Print out each record below, unaltered and complete, without its images.

START Material supplied

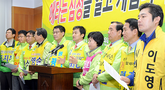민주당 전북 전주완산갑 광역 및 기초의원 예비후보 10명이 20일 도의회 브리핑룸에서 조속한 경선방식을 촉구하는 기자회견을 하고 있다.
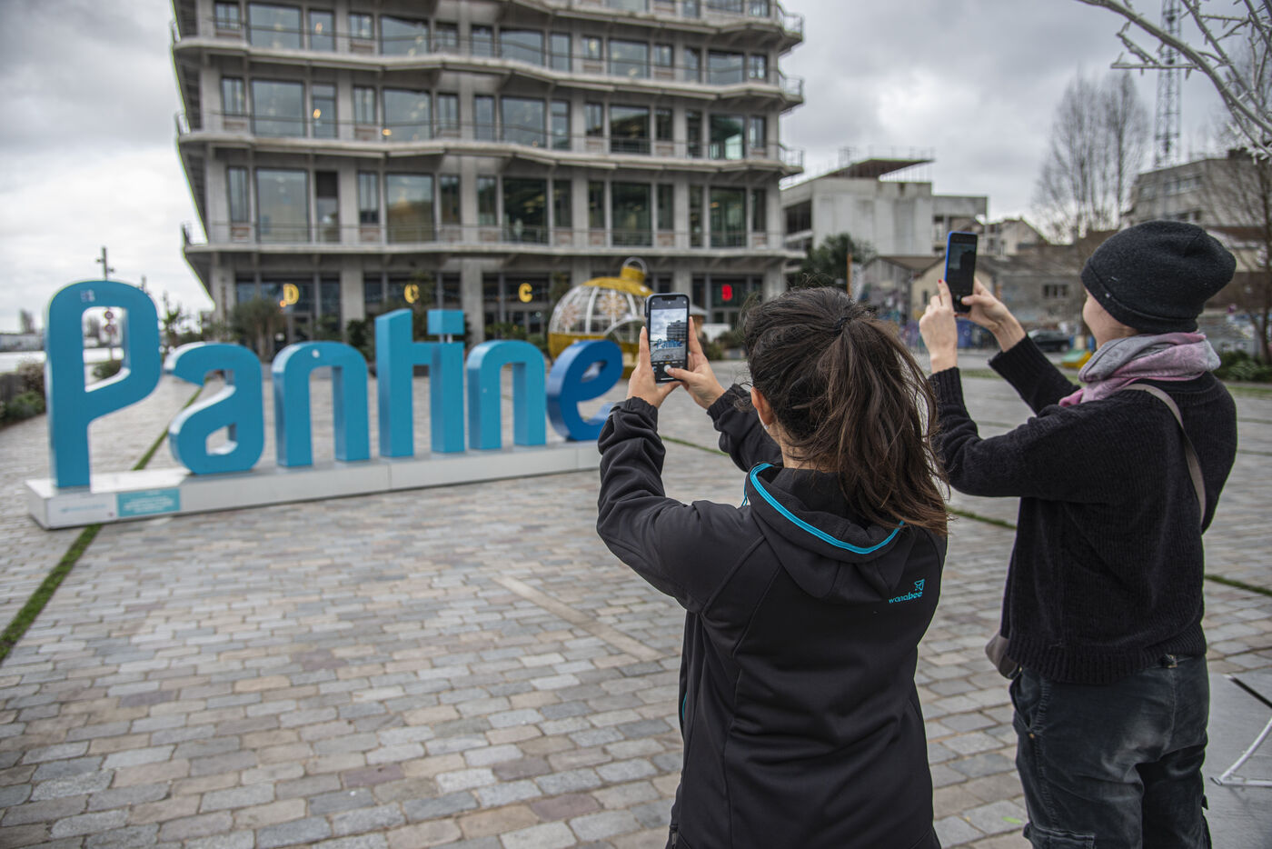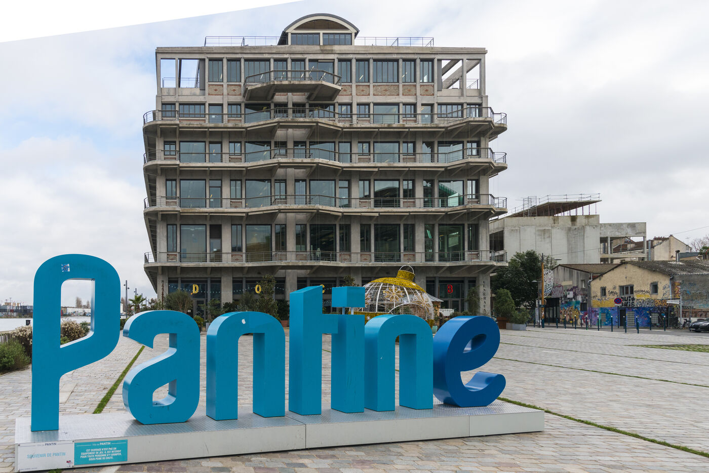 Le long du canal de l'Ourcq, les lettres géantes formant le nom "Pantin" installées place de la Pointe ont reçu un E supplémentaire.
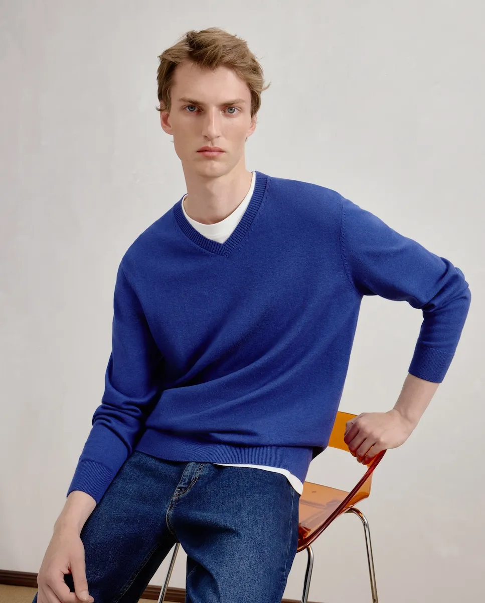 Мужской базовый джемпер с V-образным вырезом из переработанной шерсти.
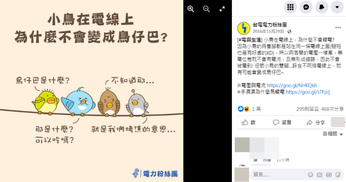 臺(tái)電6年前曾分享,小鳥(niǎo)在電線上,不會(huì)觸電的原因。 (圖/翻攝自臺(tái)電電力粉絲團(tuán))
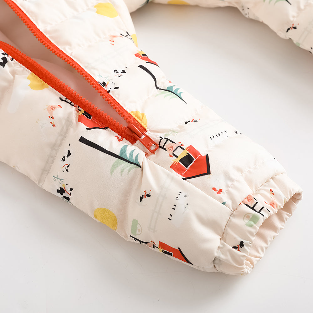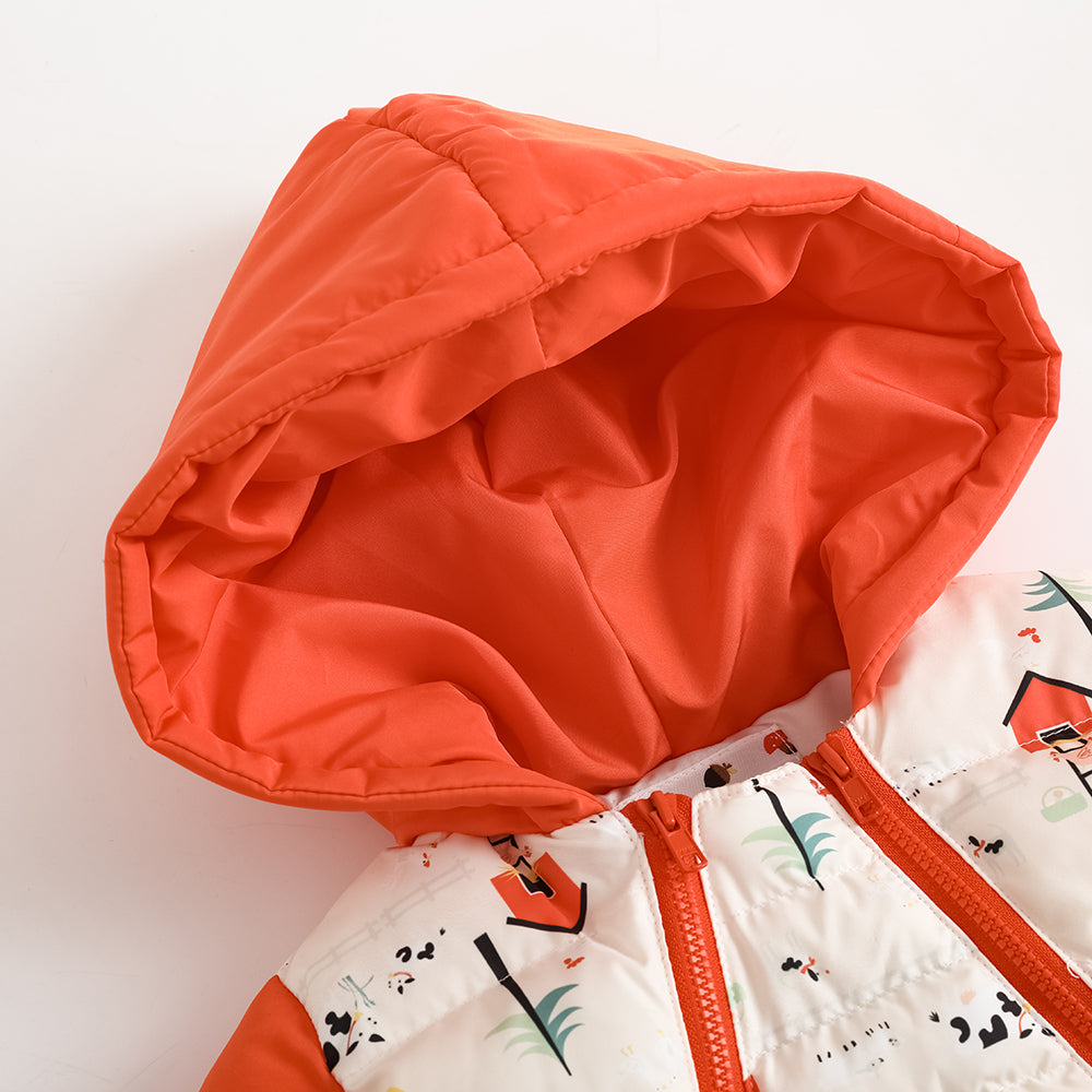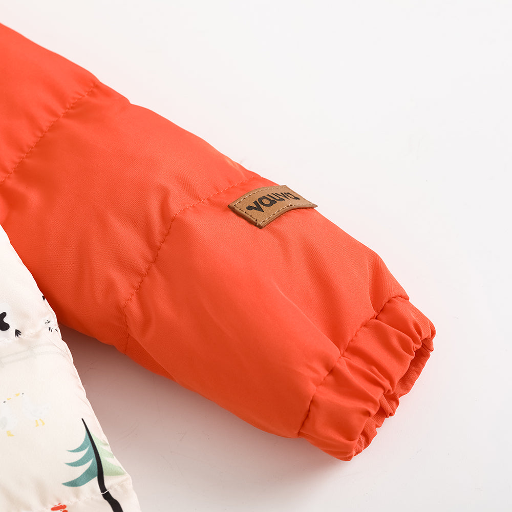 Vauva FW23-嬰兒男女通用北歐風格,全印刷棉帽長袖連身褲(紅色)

END Material supplied

:: Output for this task ::
민주당 전북 전주완산갑 광역 및 기초의원 예비후보 10명이 20일 도의회 브리핑룸에서 조속한 경선방식을 촉구하는 기자회견을 하고 있다.
 Le long du canal de l'Ourcq, les lettres géantes formant le nom "Pantin" installées place de la Pointe ont reçu un E supplémentaire.
 Мужской базовый джемпер с V-образным вырезом из переработанной шерсти.
 臺(tái)電6年前曾分享,小鳥(niǎo)在電線上,不會(huì)觸電的原因。 (圖/翻攝自臺(tái)電電力粉絲團(tuán))
 Vauva FW23-嬰兒男女通用北歐風格,全印刷棉帽長袖連身褲(紅色)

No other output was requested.